=== THE RECORDS ===

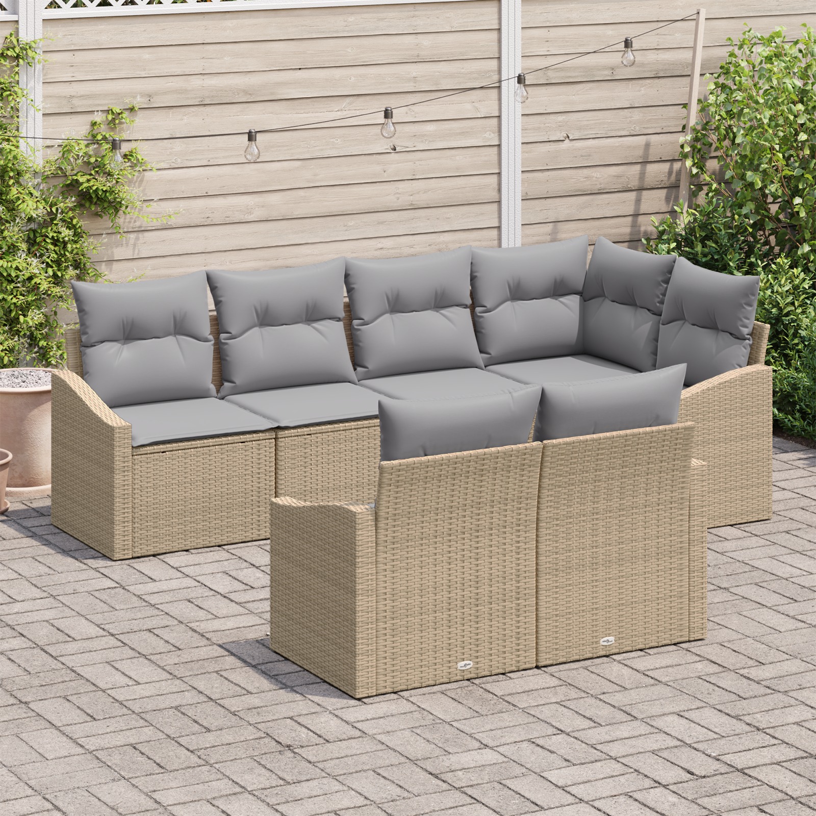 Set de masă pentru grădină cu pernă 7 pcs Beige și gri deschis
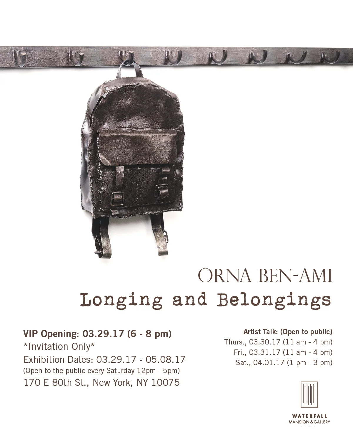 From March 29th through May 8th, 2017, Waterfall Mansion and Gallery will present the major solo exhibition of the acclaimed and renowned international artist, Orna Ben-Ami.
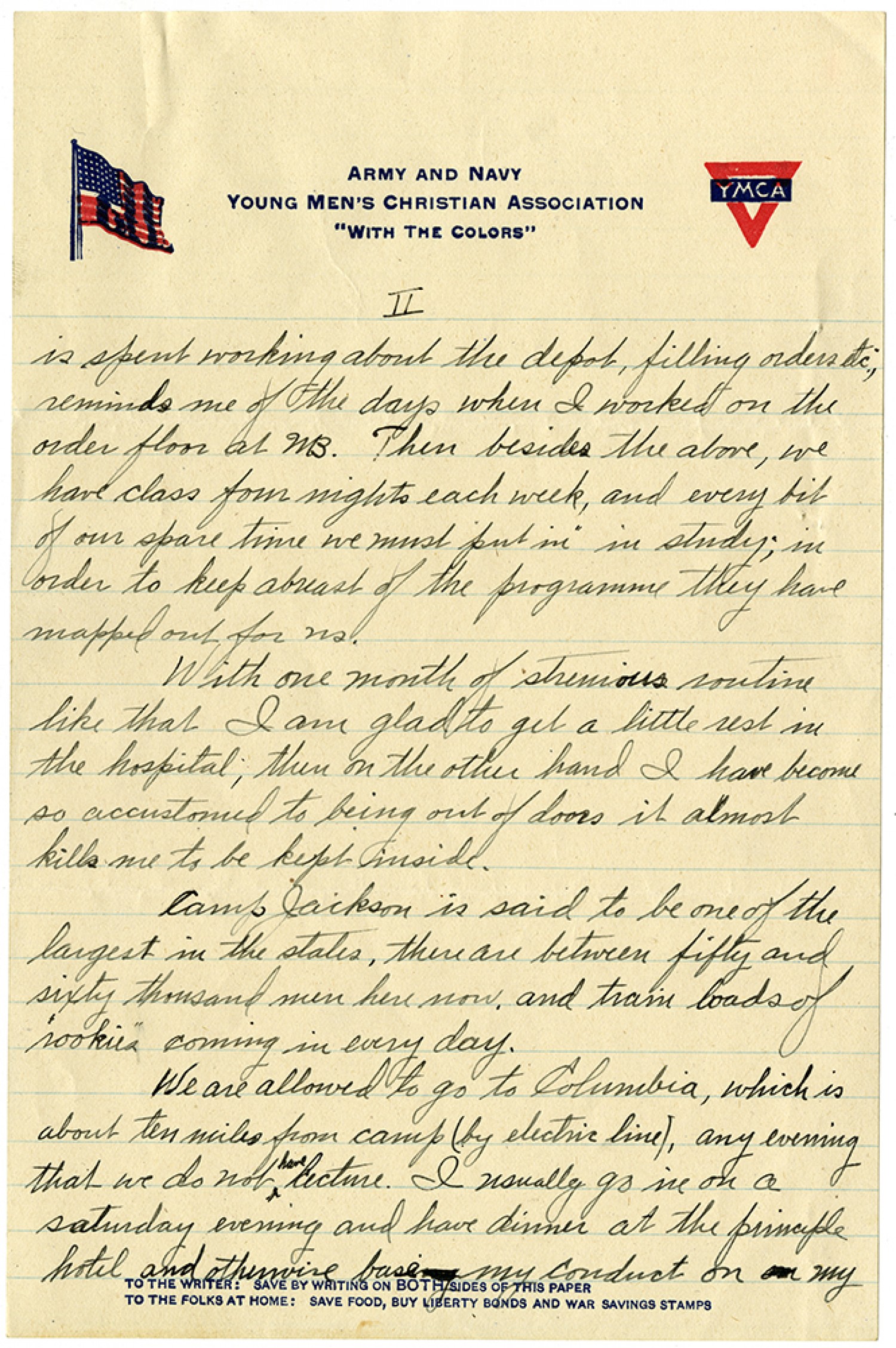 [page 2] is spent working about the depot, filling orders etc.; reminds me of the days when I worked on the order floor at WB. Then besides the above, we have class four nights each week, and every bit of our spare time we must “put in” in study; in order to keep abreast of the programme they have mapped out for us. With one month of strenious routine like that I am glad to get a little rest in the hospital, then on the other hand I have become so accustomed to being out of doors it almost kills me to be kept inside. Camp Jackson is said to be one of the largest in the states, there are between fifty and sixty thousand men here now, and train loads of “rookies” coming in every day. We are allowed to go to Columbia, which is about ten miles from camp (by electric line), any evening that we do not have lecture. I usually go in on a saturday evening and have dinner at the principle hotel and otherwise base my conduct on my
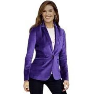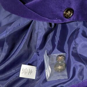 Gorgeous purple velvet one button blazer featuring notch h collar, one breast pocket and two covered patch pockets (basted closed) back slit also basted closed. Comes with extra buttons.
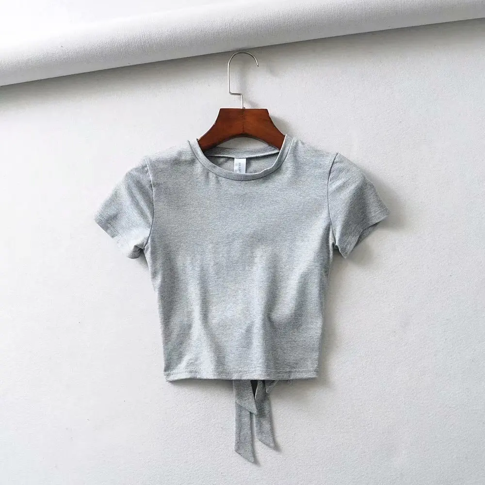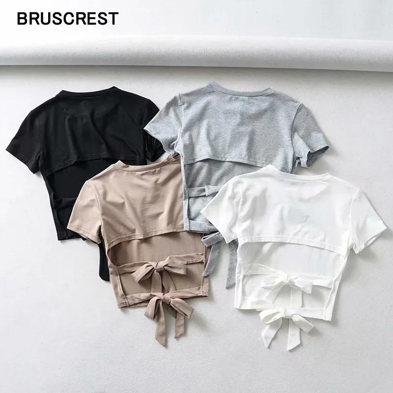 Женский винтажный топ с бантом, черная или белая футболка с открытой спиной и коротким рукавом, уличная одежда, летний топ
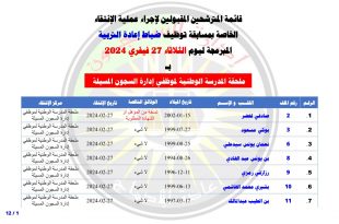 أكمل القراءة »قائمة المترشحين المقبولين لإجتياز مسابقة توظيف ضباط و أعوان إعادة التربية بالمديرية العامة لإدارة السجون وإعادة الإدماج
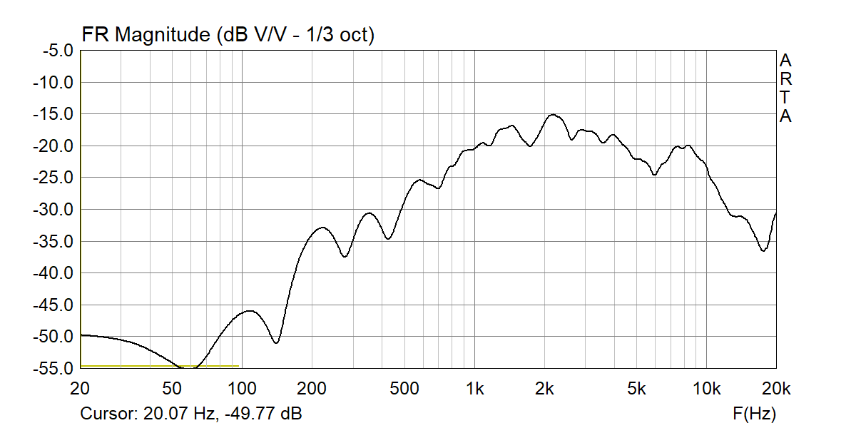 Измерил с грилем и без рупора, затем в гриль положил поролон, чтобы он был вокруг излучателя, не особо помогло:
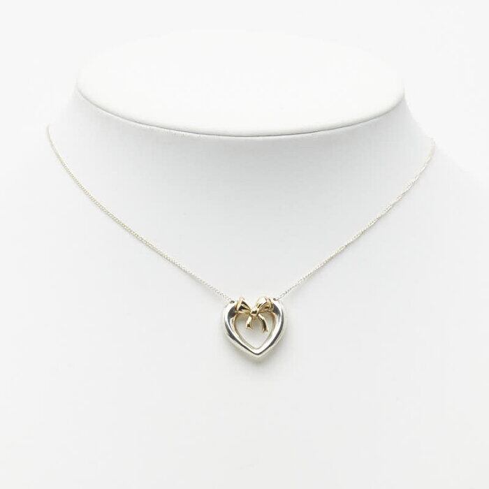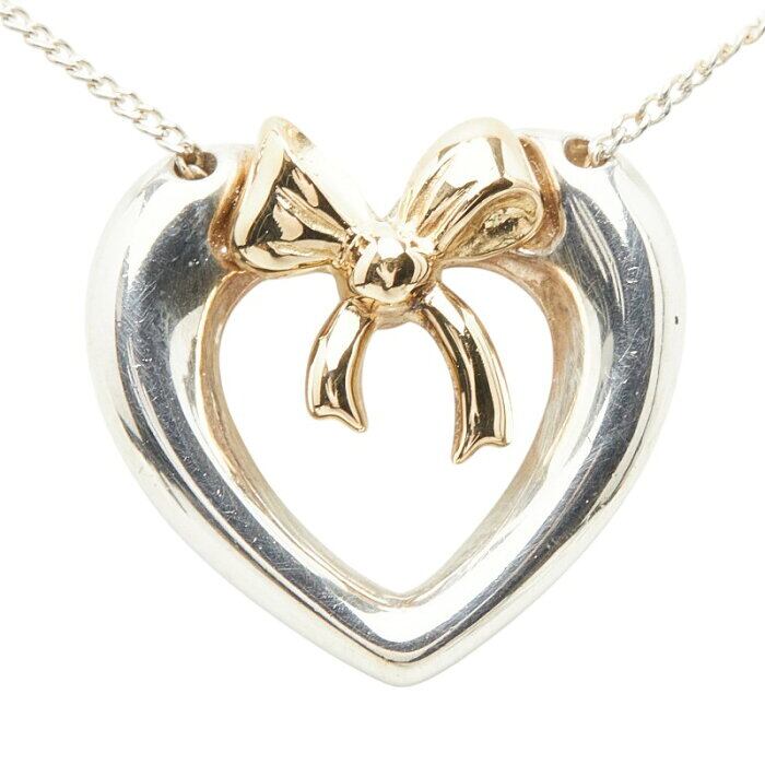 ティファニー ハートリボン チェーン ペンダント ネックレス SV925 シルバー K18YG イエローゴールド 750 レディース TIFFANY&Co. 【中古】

===
=== THE RECORDS ===

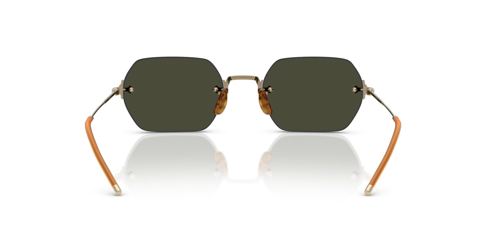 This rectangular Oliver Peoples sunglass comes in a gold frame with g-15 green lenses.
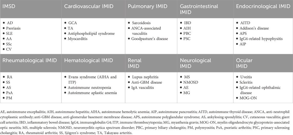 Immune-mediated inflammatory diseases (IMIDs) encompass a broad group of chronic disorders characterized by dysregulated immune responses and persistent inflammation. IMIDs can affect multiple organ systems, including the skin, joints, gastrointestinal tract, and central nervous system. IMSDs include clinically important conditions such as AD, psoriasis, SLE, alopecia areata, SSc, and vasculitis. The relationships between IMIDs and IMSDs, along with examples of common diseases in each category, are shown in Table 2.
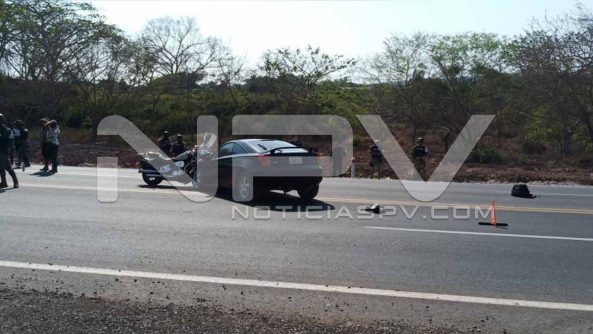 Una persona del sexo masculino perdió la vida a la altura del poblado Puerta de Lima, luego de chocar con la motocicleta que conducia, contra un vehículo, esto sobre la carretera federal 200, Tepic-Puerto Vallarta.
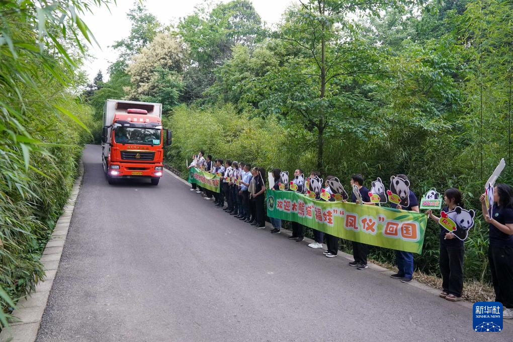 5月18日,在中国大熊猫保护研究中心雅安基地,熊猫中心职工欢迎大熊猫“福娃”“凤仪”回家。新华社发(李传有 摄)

===
=== THE RECORDS ===

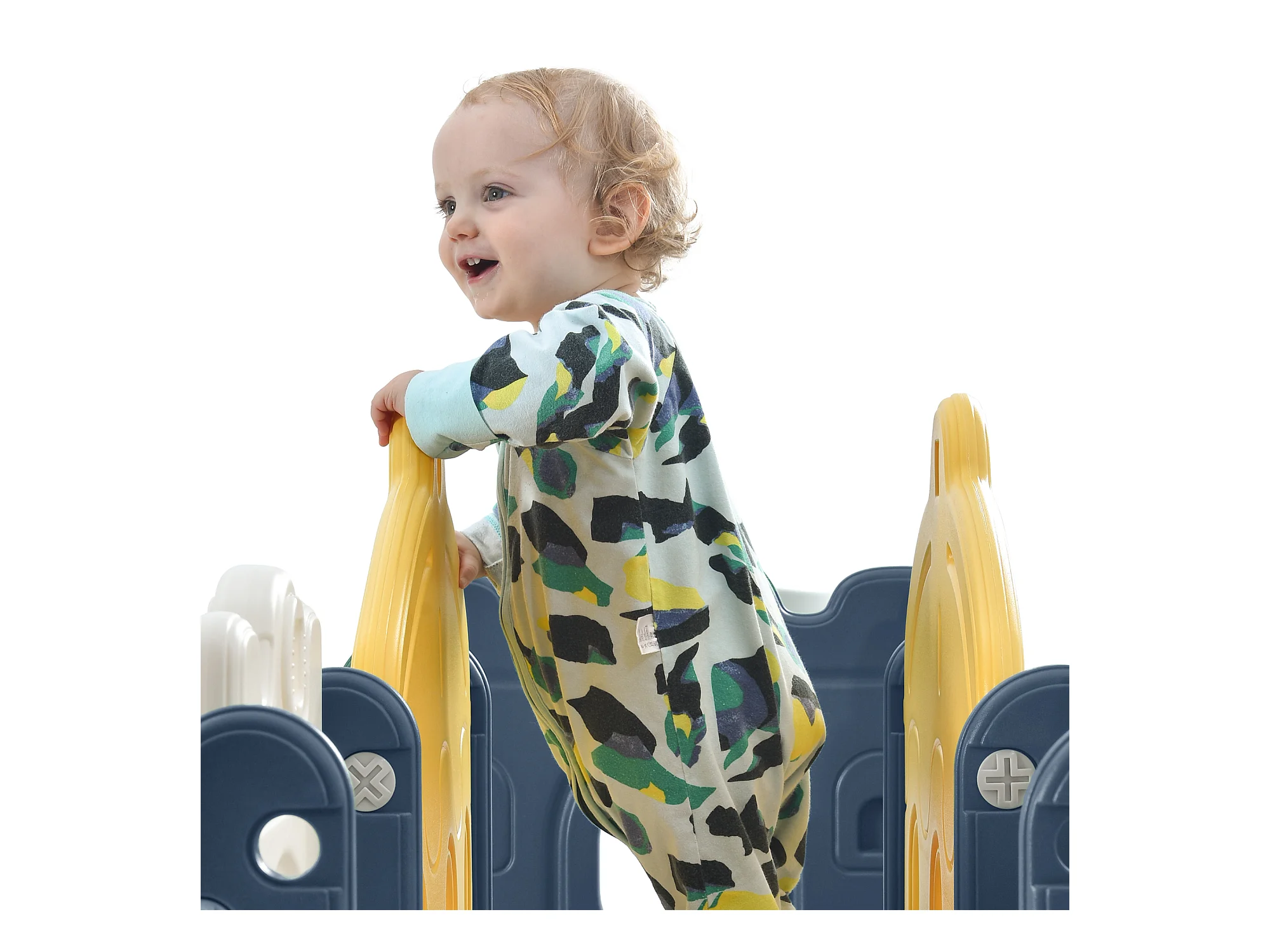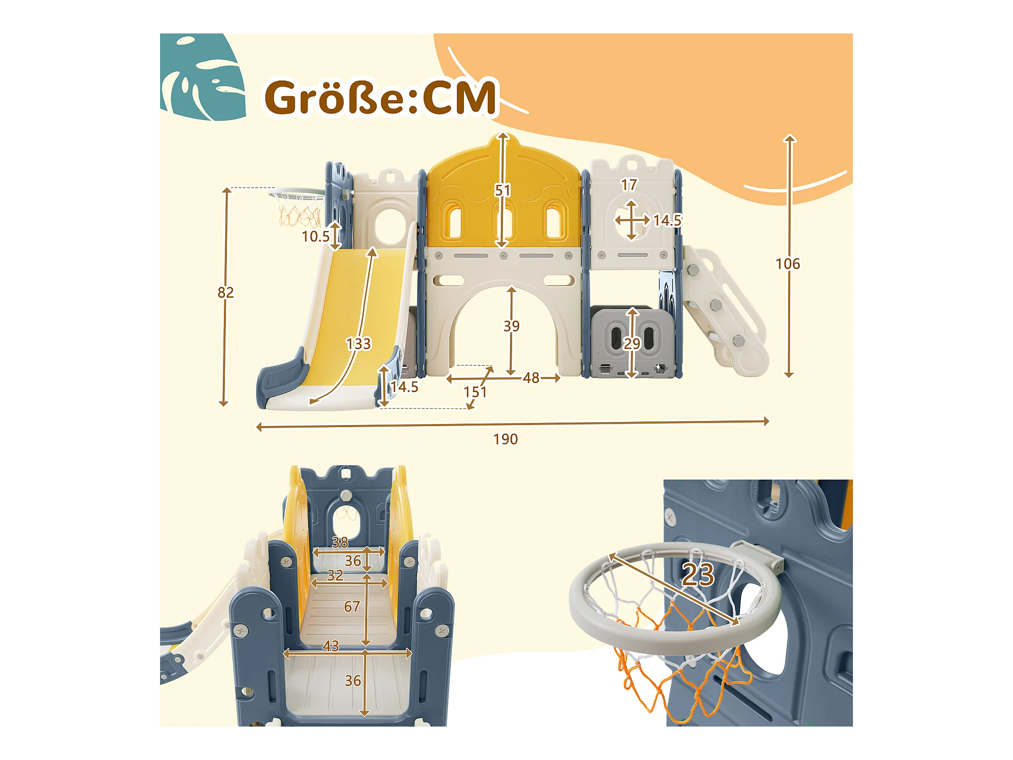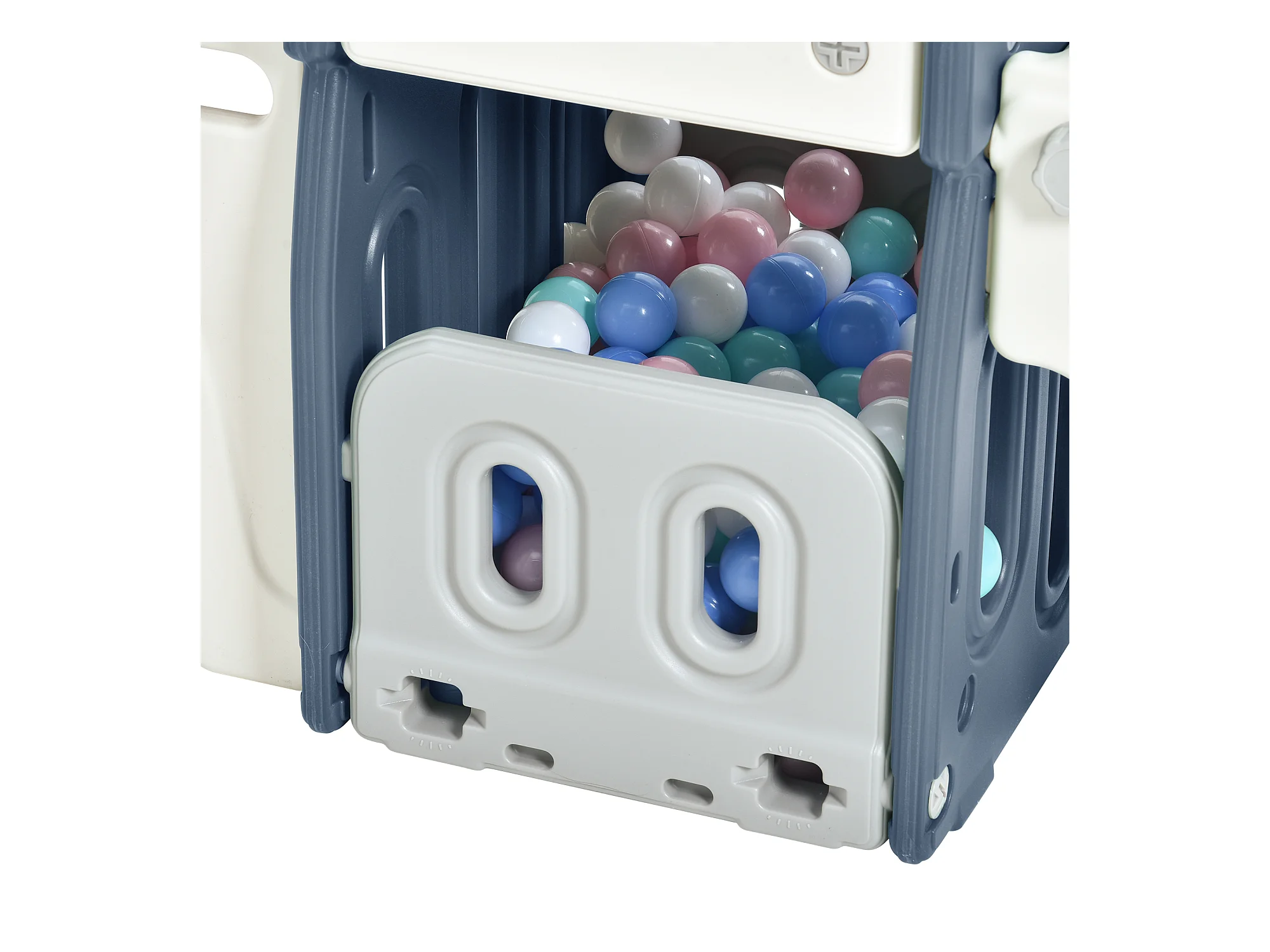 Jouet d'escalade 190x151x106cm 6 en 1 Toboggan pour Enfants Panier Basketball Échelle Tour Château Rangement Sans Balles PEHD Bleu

===

ABOUT THIS TASK
Output only the lines above from the line that holds "Set de masă" through the line that holds "From March 29th", both ends included, and exclude pictures.

RESPONSE TO THE EXERCISE
 Set de masă pentru grădină cu pernă 7 pcs Beige și gri deschis
 From March 29th through May 8th, 2017, Waterfall Mansion and Gallery will present the major solo exhibition of the acclaimed and renowned international artist, Orna Ben-Ami.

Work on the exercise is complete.